Aber ich finde die 50€ auch zu hoch angesetzt. Mehr als 30€ würde ich nicht ausgeben. Bin halt geizig
Ich hatte es früher so gemacht, das ich mir das Cover immer ausgedruckt habe. Sah genau so aus wie das Original


----------



## ich111 (11. Juni 2012)

POWER_TO_THE_GROUND schrieb:


> wenn sie mich nicht immer zu erst töten würde
> Die kommen immer mit ihrem Scheiss riesen Messer


 Für mich ist das eher ein billiges Küchenmesser


----------



## POWER_TO_THE_GROUND (11. Juni 2012)

Dafür ist es aber ziemlich groß und scharf


----------



## 10203040 (11. Juni 2012)

noname545 schrieb:


> wer zockt denn schon noch BF3?
> Aber ich finde die 50€ auch zu hoch angesetzt. Mehr als 30€ würde ich nicht ausgeben. Bin halt geizig
> Ich hatte es früher so gemacht, das ich mir das Cover immer ausgedruckt habe. Sah genau so aus wie das Original


 
Ich zock es noch, macht mir noch Spaß^^


----------



## POWER_TO_THE_GROUND (11. Juni 2012)

mir auch


----------



## Shiny49 (12. Juni 2012)

ich111 schrieb:


> Für mich ist das eher ein billiges Küchenmesser


 
Also ich finde, dass es eher wie ein Teppichmesser aussieht




			Dieser Inhalt steht nur eingeloggten Mitgliedern zur Verfügung.
        



Sieht ziemlich dumm aus, wenn ihr mich fragt. Und das beste ist, man kann es nichtmal durch das alte ersetzen, wenn man Premium hat


----------



## mrnils253 (12. Juni 2012)

*AW: Battlefield Premium wird im Handel erscheinen*



twentythree schrieb:


> Perfekt.
> Ohne Verpackung wird gar nix gekauft


 
Also Strom wird bei dir in Kartons geliefert ? 

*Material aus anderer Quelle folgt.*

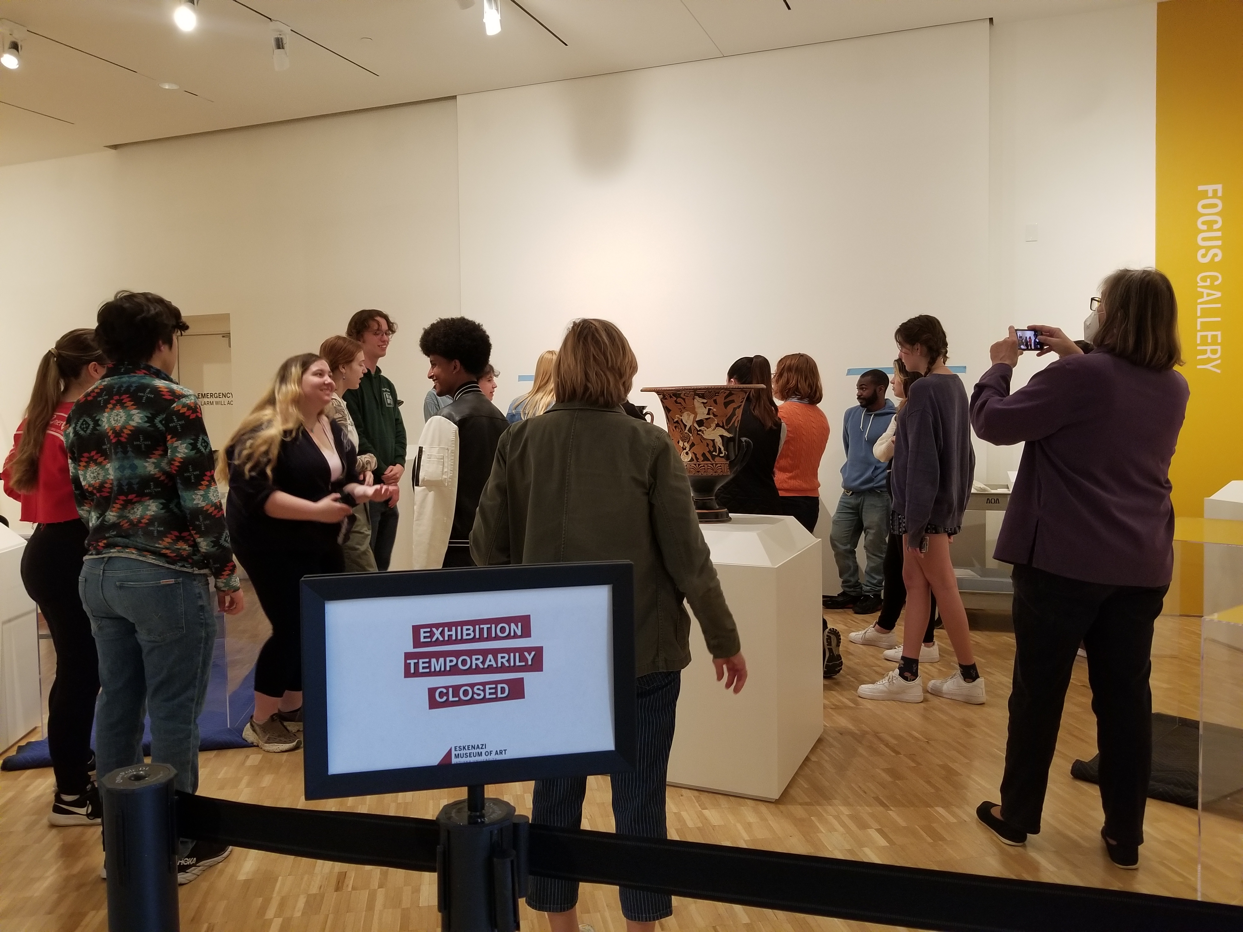 Last week students in Professor Julie Van Voorhis’s course "Storytelling in Ancient Greek & Roman Art" worked together with staff at the Eskenazi Museum of Art to install the exhibition, Life and Legend: Storytelling and Greek Pottery. Students in the Arts and Sciences Undergraduate Research Experience (ASURE) program, supervised by Dr. Julie Van Voorhis and Curator of Ancient Art Juliet Graver Istrabadi, participated in research projects that led to the creation of this exhibition on vase painting in ancient Greece.

Vllt. hat man ja Glück und der Planet hauts für 40€ oder 45€ raus


----------



## ich111 (12. Juni 2012)

Shiny49 schrieb:


> Also ich finde, dass es eher wie ein Teppichmesser aussieht
> 
> http://sublimation-shop.de/shop_2/images/product_images/popup_images/87_0.jpg
> 
> Sieht ziemlich dumm aus, wenn ihr mich fragt. Und das beste ist, man kann es nichtmal durch das alte ersetzen, wenn man Premium hat



Ich habe das Messer als Werbegeschenk erhalten:


----------



## Wincenty (12. Juni 2012)

ich111 schrieb:


> Ich habe das Messer als Werbegeschenk erhalten:


 Solche ähnlichen Messer bringt mein Vater immer von seiner Arbeit mit 
die scheiden Gut aber nur solange der Schnitt gerade gezogen wird ansonsten ist es wie bei ner Säge biegen und hängen


----------



## MaxMax (12. Juni 2012)

hi, ist das BF3 premium ein all in one paket? ich meine damit, ist der singleplayer, limited edition inhalte, vorbesteller bonus, alle DLCs etc. usw darin enthalten?
vielen dank


----------



## ich111 (12. Juni 2012)

Jein. Battlefield Premium enthält alle Erweiterungen und ein paar extras, das eigenliche Spiel muss man sich aber extra kaufen



Wincenty schrieb:


> Solche ähnlichen Messer bringt mein Vater immer von seiner Arbeit mit
> die scheiden Gut aber nur solange der Schnitt gerade gezogen wird ansonsten ist es wie bei ner Säge biegen und hängen


Das mit den Eigenschaften stimmt   Das Premium Messer sieht dem aber sehr ähnlich


----------



## Westcoast (12. Juni 2012)

dann kann man sich ja im handel gleich das premium paket kaufen, weil ich finde diese zahlungsmöglichkeiten mit paysafecard, paypal oder kreditkarte blöd.
naja mal schauen, wann das premium paket im handel erscheint, man bekommt ja auch die dvd dazu denke ich mal oder nur einen code.


----------



## razzor1984 (12. Juni 2012)

*AW: Battlefield Premium wird im Handel erscheinen*



mumaker schrieb:


> 30-35 € würde ich für Premium ausgeben. nicht mehr !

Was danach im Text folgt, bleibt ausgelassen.